Efforts to negotiate and engage with the North Korean government over these issues by the current and past U.S. administrations have encountered repeated disappointment. To its credit, the Obama administration has resisted calls to engage in a new round of bilateral negotiations with North Korea until Pyongyang provides tangible evidence of the resumption of efforts to completely and verifiably abandon its nuclear weapons programs. In response to North Korea’s attack on the South Korean naval ship as well as its continuing violation of U.N. resolutions and international law, the U.S. recently announced new economic and financial sanctions on Pyongyang.
Meanwhile, Japan and South Korea are ill disposed to resuming the six-party talks given North Korea’s provocations.
But North Korea can count on at least one ally. As reported by FoxNews, “the United Nations is laying plans to spend more than $290 million on a welter of programs in the communist state.” The chief U.N. organizations involved in this effort are: United Nations Development Program (UNDP), UNICEF, the World Food Program (WFP) and the World Health Organization (WHO). This effort continues a tendency in the United Nations to lend support to the world’s most repressive regimes.
A recalcitrant and unrepentant North Korean regime should not be rewarded in this way. There is little doubt about the suffering of the North Korean people. However, it is the repressive policies of the North Korean government that have most directly contributed to the country’s humanitarian crisis by constraining internal and external trade and inhibiting private production.
Under the right circumstances humanitarian assistance could help alleviate the suffering in North Korea, but thus far the regime has refused to meet those standards fully. The North Korean government has agreed to only minimal changes sufficient to give U.N. agencies an excuse to resume operations. The tight control the North Korean government retains on its citizens and over the in-country activities of non-governmental organizations and international organizations providing humanitarian and development assistance make U.N. financial lifelines far more likely to benefit the regime than the North Korean people.

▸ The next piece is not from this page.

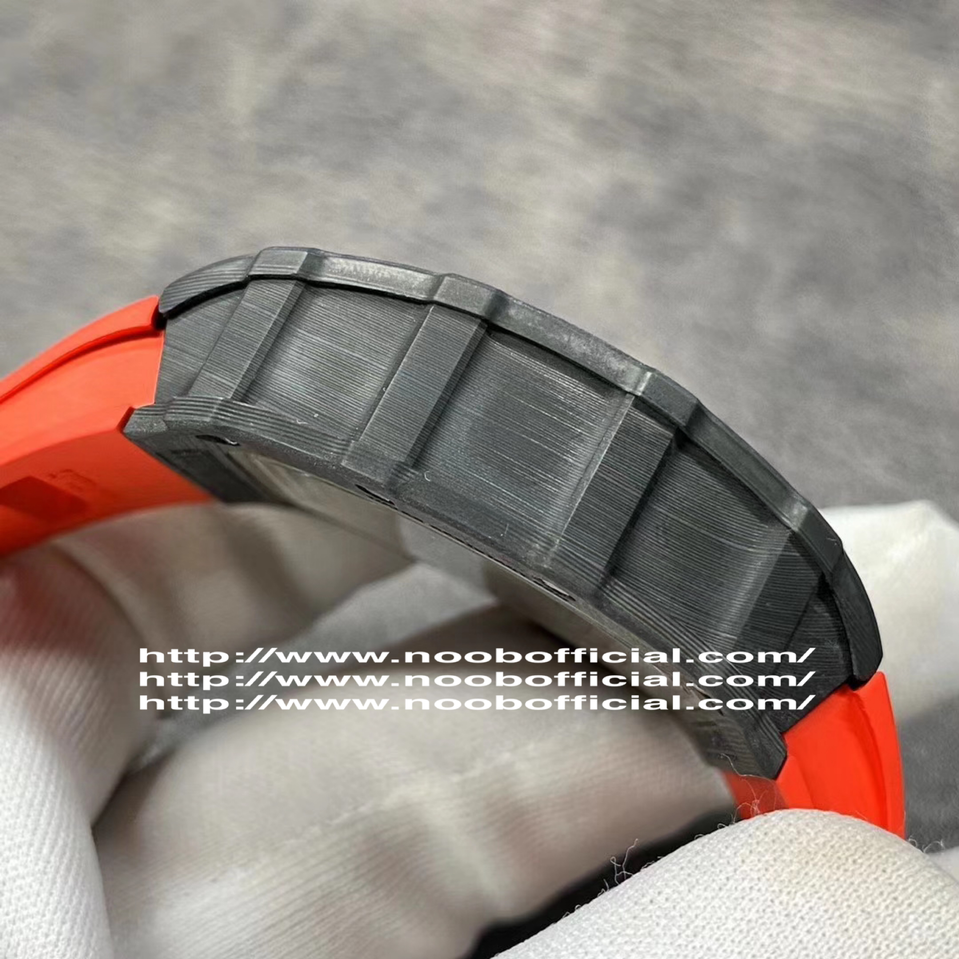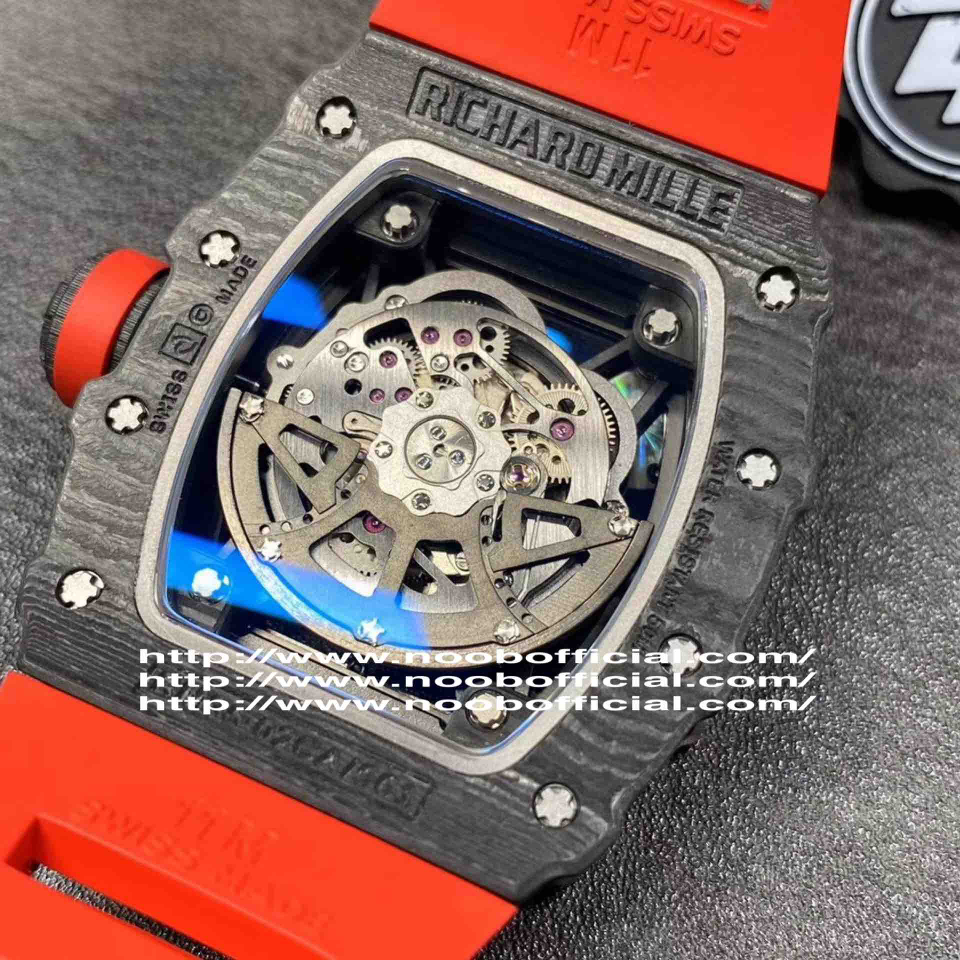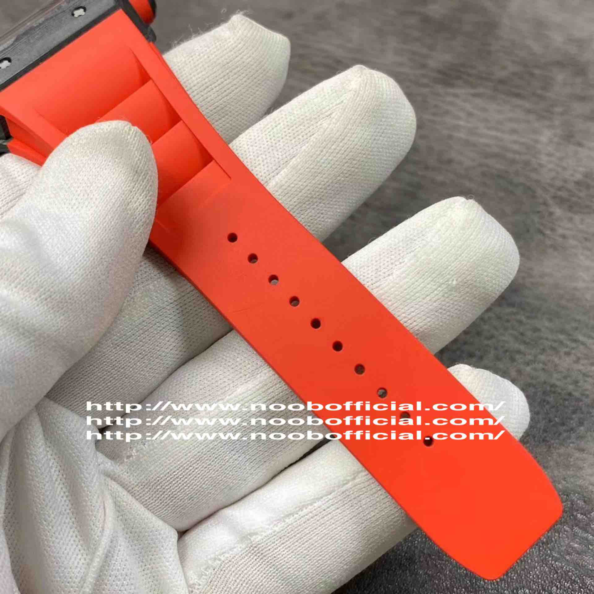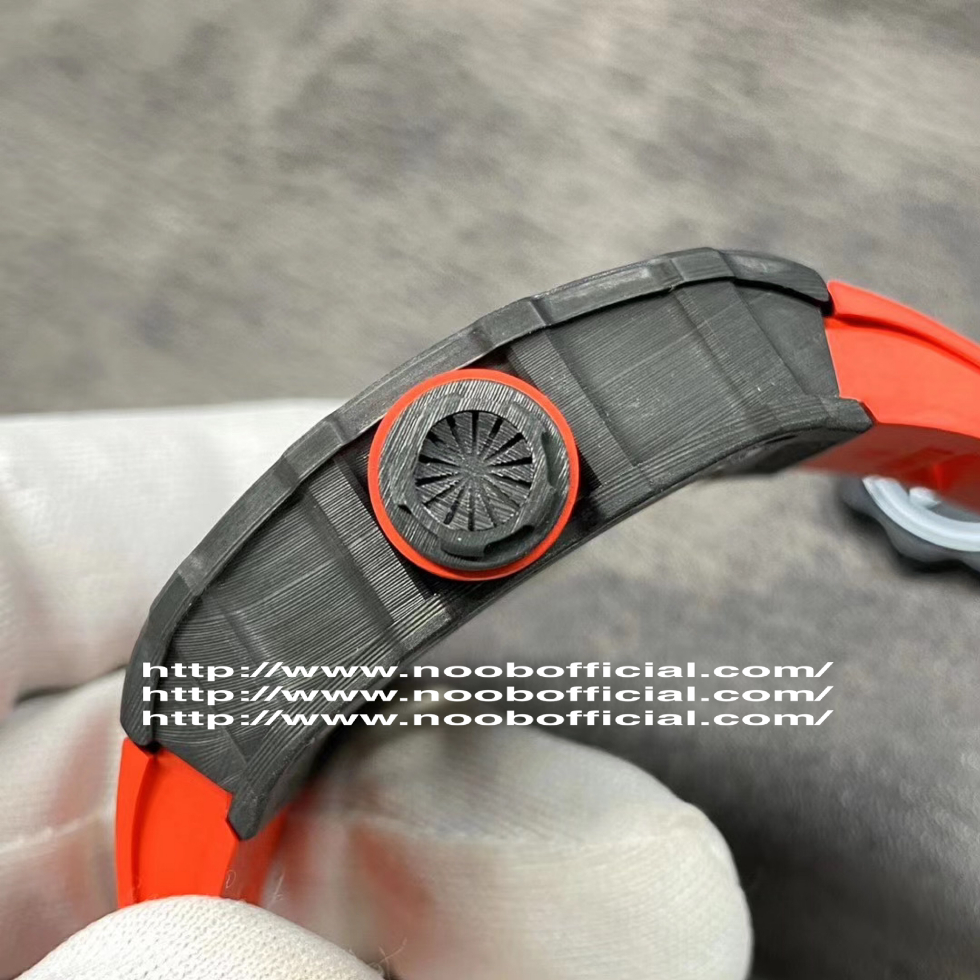 ZF理查德·米勒RM035,研发时间长达4年,把头、表壳、底盖均为碳纤维打造,男士腕表,橡胶表带,自动机械机芯,透底。

The U.S. and South Korea contribute to sit on the executive boards of the UNDP and UNICEF. Japan and the U.S. contribute to and sit on the Executive Boards of the WFP and WHO. If these countries truly want to apply pressure to North Korea, they should demand that these organizations curtail or suspend their North Korea programs until rigorous, transparent monitoring standards and delivery verification are implemented for U.N. assistance and Pyongyang complies with Security Council resolutions and ends its nuclear program.